Table 5 Default values used and remarks.

Decision tree

“random_state = 42”, “max_depth = None”, “min_samples_split = 2”, “min_samples_leaf = 1”

No maximum depth (splits until leaves are pure). Larger depths risk overfitting; smaller depths can underfit.

LR

“fit_intercept = True”, “normalize = False” (deprecated, default behavior)

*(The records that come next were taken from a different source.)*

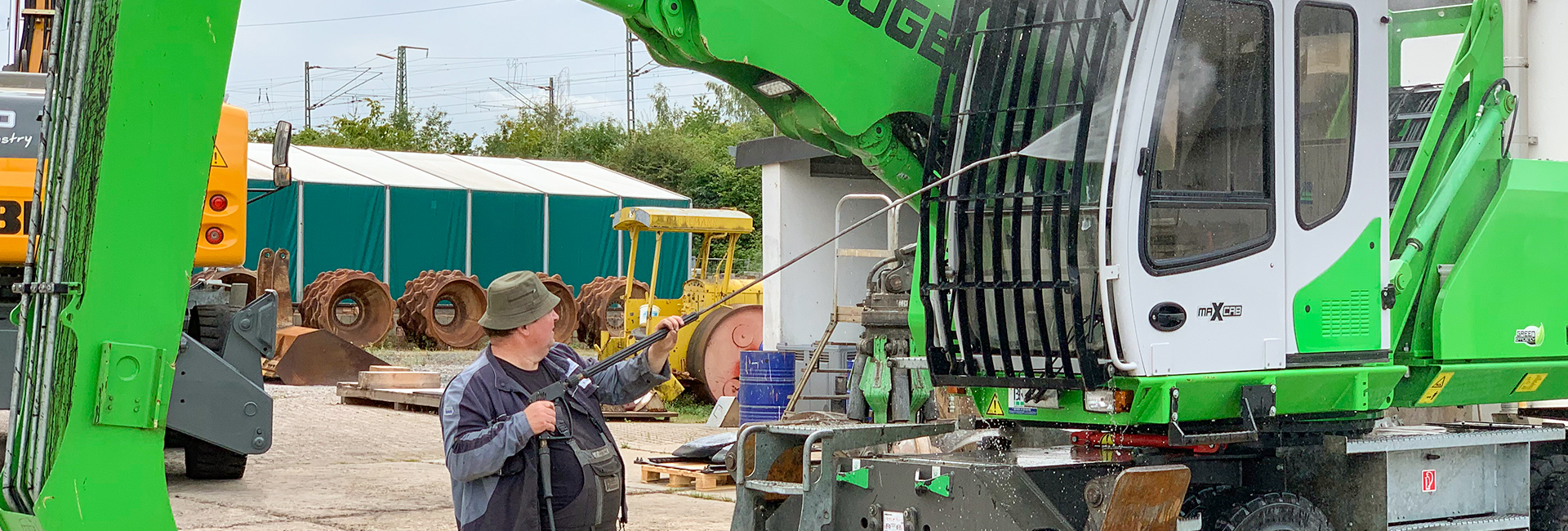 In unseren 4 hervorragend ausgestatteten Hallen arbeiten wir an Maschinen aus der Bau-, Industrie und Umweltbranche.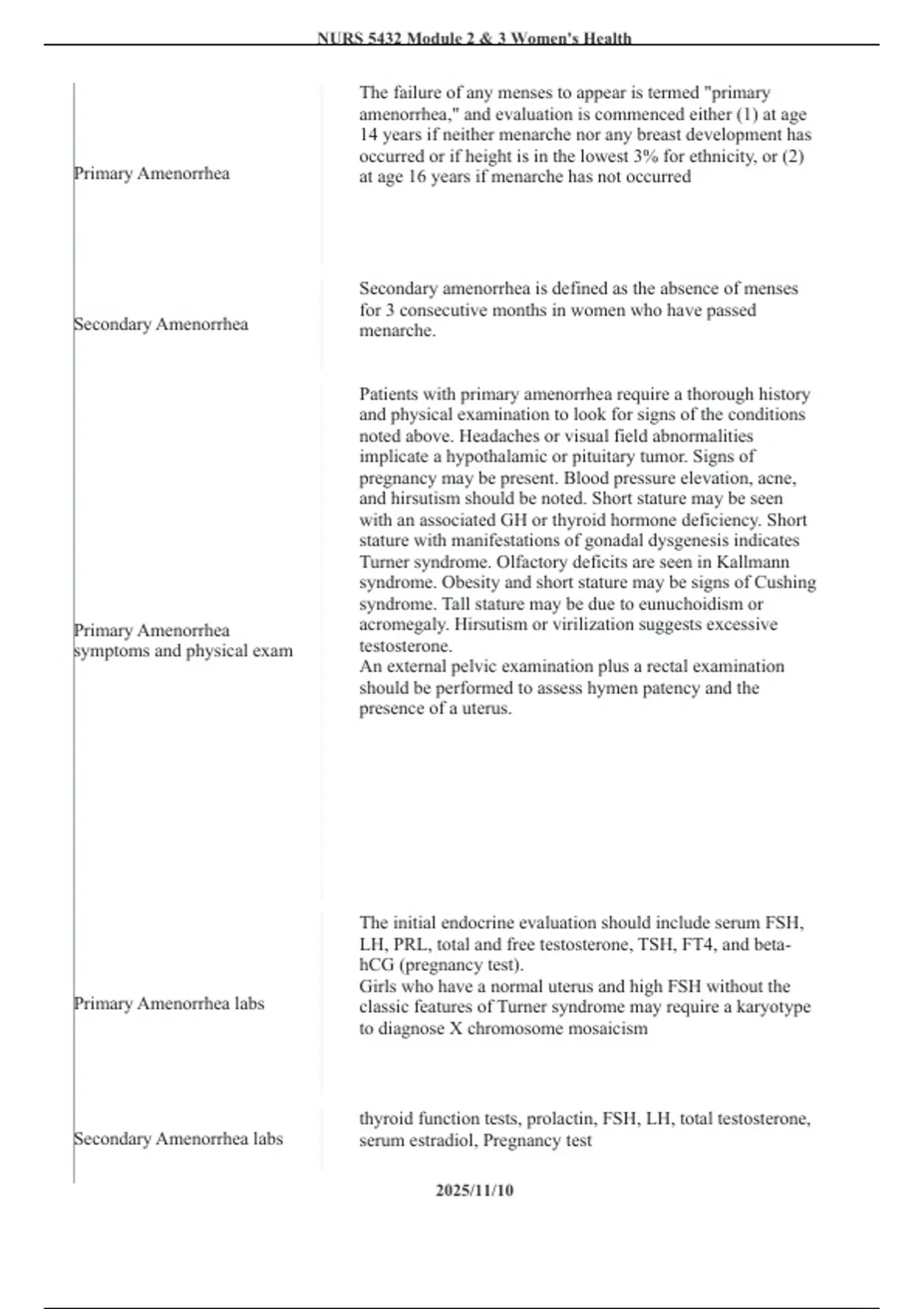 (2025 Updated) NURS 5432 – Modules 2 & 3 Women’s Health | Verified Questions, Answers & Study Guide (Graded A+)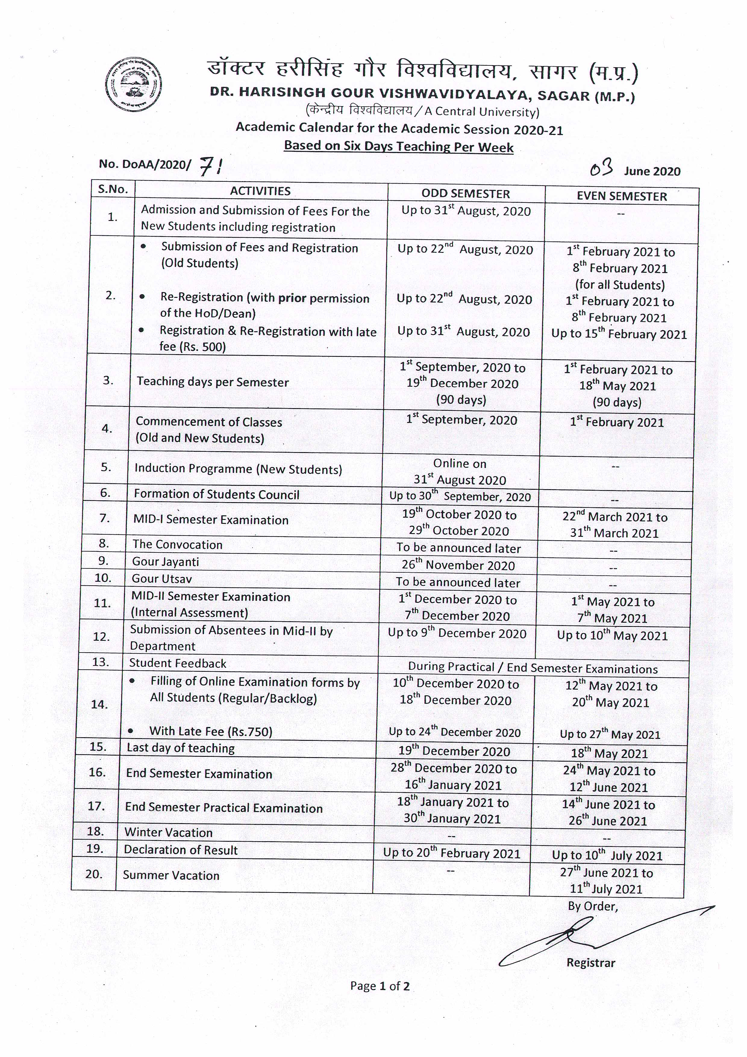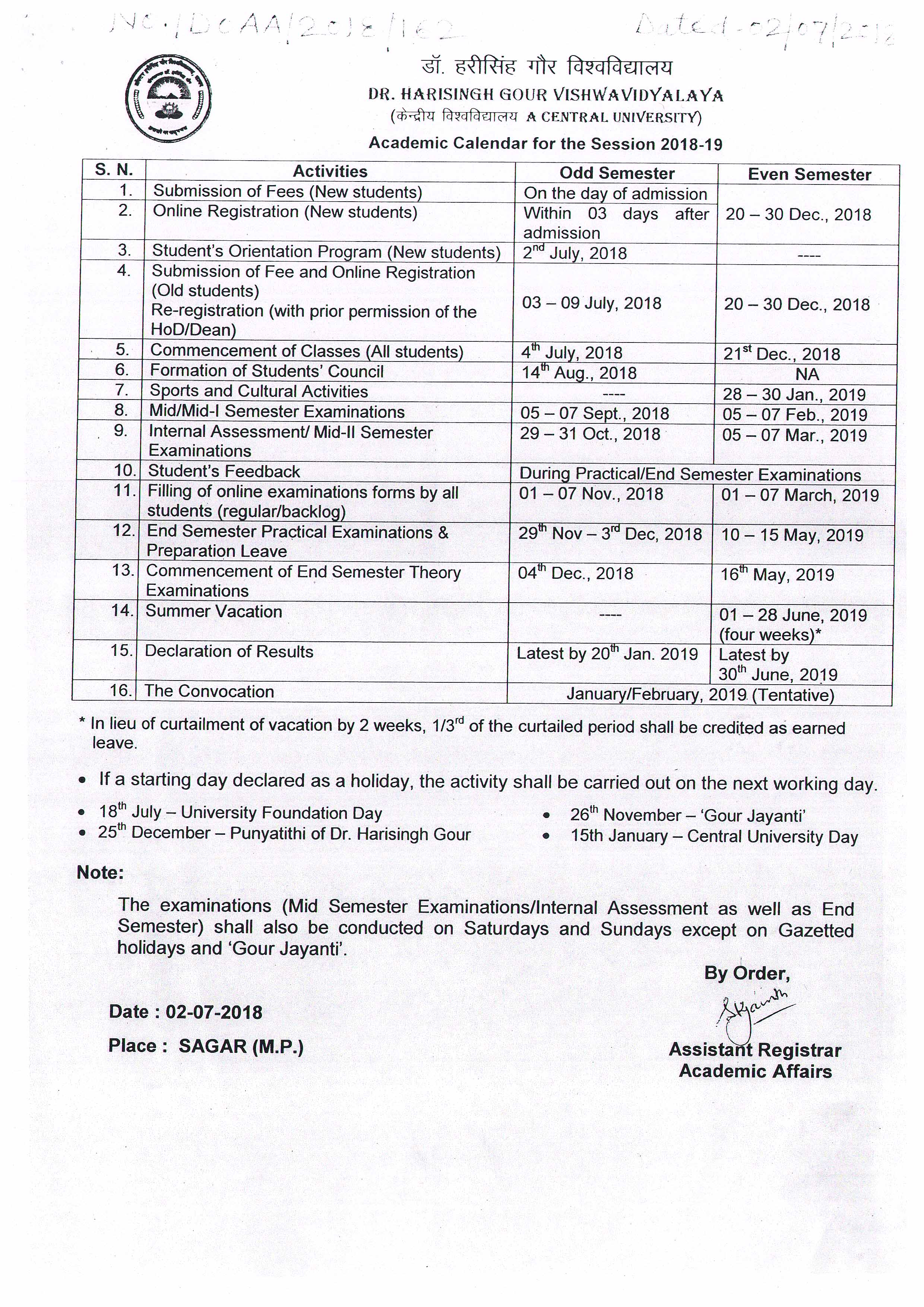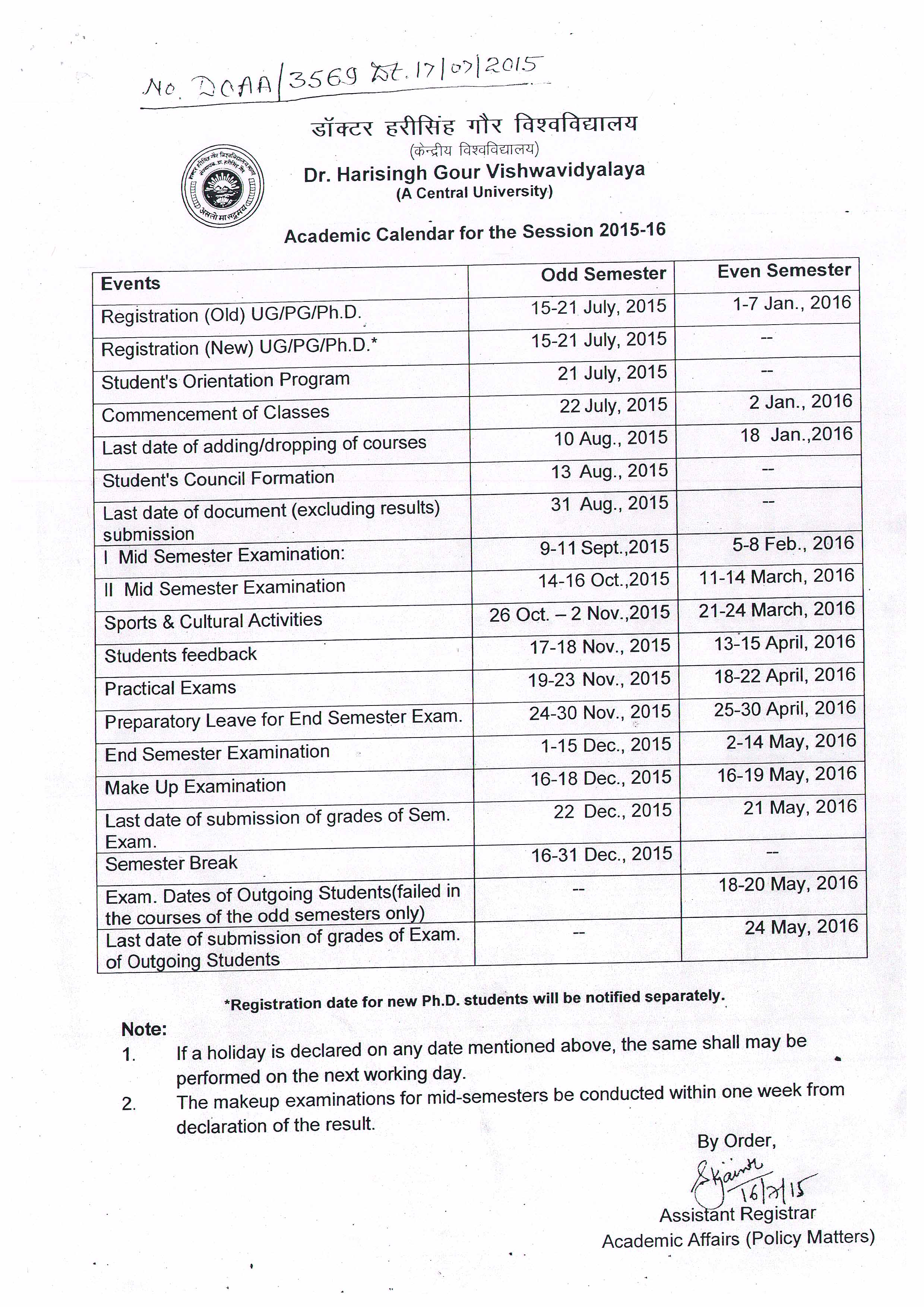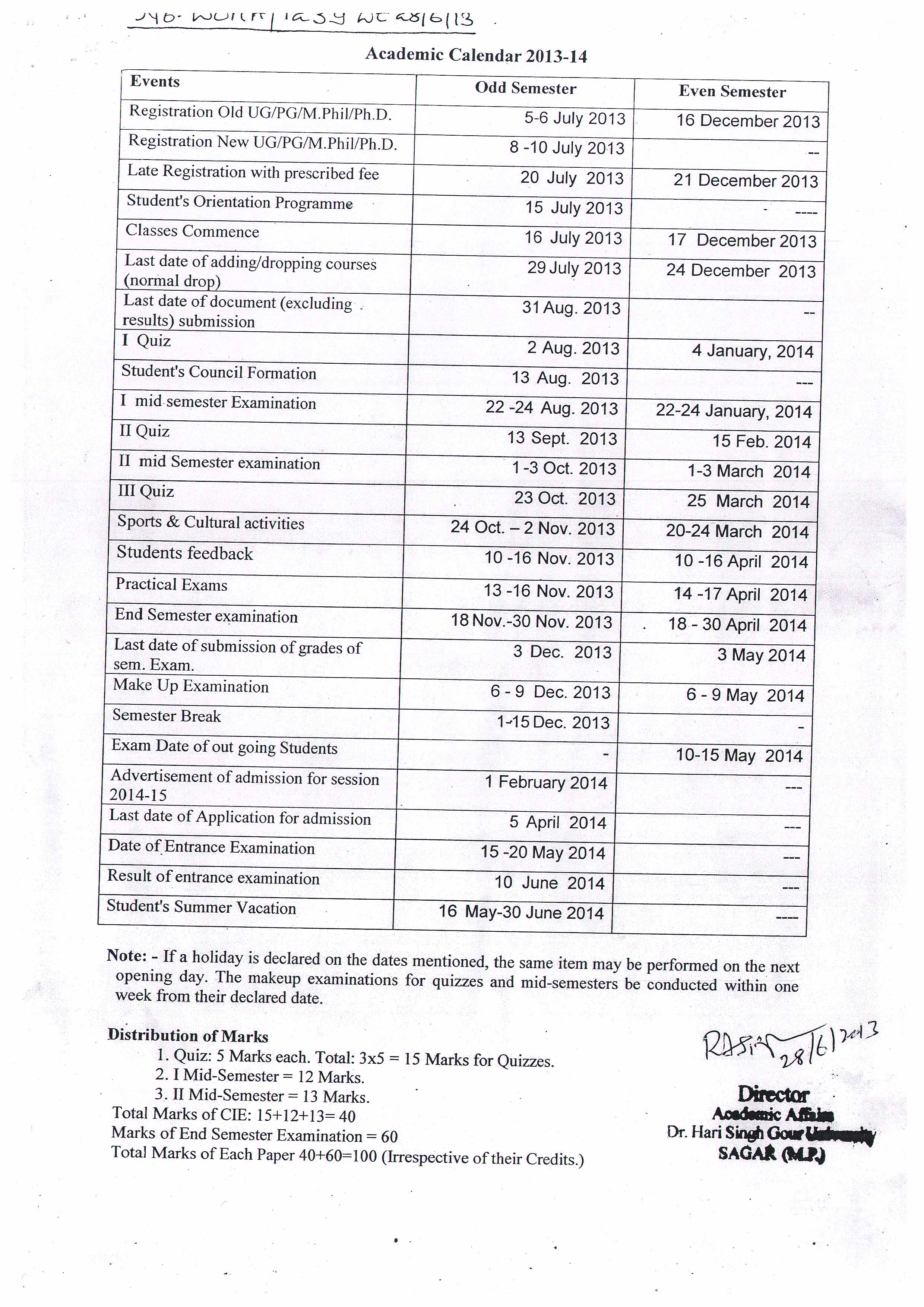 - University Academic Calendar, 2022-23 [III, V, IV & VI Semester]

Assumes a linear relationship; no direct regularization. Sensitive to multicollinearity and outliers.

RR

“alpha = 1.0”, “fit_intercept = True”

L2 regularization shrinks coefficients; helps with multicollinearity and reduces overfitting.

Lasso regression

“alpha = 1.0”, “fit_intercept = True”

L1 regularization encourages sparsity (coefficient = 0) for less important features.

SVR

“kernel=’rbf’”, “C = 1.0”, “epsilon = 0.1”, “gamma=’scale’”

Learns a function within an ε-tube. Sensitive to “C”, “epsilon”, and “gamma”; may require careful scaling and tuning for best results.

RF

“random_state = 42”, “n_estimators = 100”, “max_depth = None”

Ensemble of decision trees via bagging. Generally robust to outliers and can handle high-dimensional data.

GB

“random_state = 42”, “n_estimators = 100”, “learning_rate = 0.1”, “max_depth = 3”

Sequentially adds weak learners to minimize loss. Can overfit if “n_estimators” is large without regularization.

AdaBoost

“random_state = 42”, “n_estimators = 50”, “learning_rate = 1.0”

Boosts performance by focusing on mis-predicted samples. Works well with shallow base estimators (e.g., short decision trees).

XGBoost

“random_state = 42”, “n_estimators = 100”, “learning_rate = 0.1”, “max_depth = 6”, “subsample = 1.0”, “colsample_bytree = 1.0”

Efficient gradient boosting library with built-in regularization and tree-pruning. Can overfit if parameters are not tuned.